I’m prepping a new course to teach this semester: undergraduate Electromagnetism II! I’m trying to put together some nice simple demos to illustrate principles in the class, and I’ll blog some of those that work and are interesting.
When Michael Faraday discovered the phenomenon of electromagnetic induction in 1831, paving the way for the complete unification of electricity and magnetism, he came up with a variety of experiments to demonstrate the effect.
One of them is now known as the Faraday disk, and it is very easy to construct — though I ended up buying one. My version is shown below.
All of the parts are visible in this photo. By turning a hand crank, one rotates a copper disk between a pair of magnets (the black disks), one generates an electrical current that runs from the outer edge of the disk to the central axis.
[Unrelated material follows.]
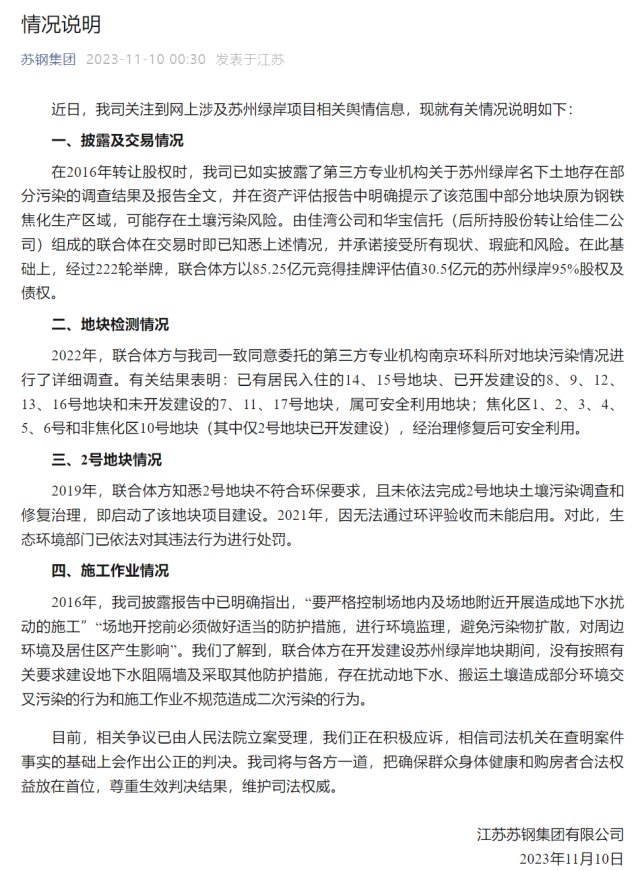情况说明称,2016年转让股权时,公司已如实披露了第三方专业机构关于苏州绿岸名下土地存在部分污染的调查结果及报告全文,并在资产评估报告中明确提示了该范围中部分地块原为钢铁焦化生产区域,可能存在土壤污染风险。竞拍方在交易时即已知悉上述情况,并承诺接受所有现状、瑕疵和风险。在此基础上,经过222轮举牌,以85.25亿元竞得挂牌评估值30.5亿元的苏州绿岸95%股权及债权。

Wires connected to these two points runs to the red and black plugs, through which one can measure the voltage difference generated. It isn’t a spectacular amount — I measured about 5 millivolts, max — but it demonstrates the phenomenon known as rotational electromotive force.
As we have noted, however, Faraday interpreted his disk experiment as electromagnetic induction, not rotational emf. It turns out that he was kinda wrong — but he was also kinda right! The explanation of this simple experiment involves some rather deep concepts in physics, and inevitably leads us to Einstein’s theory of special relativity.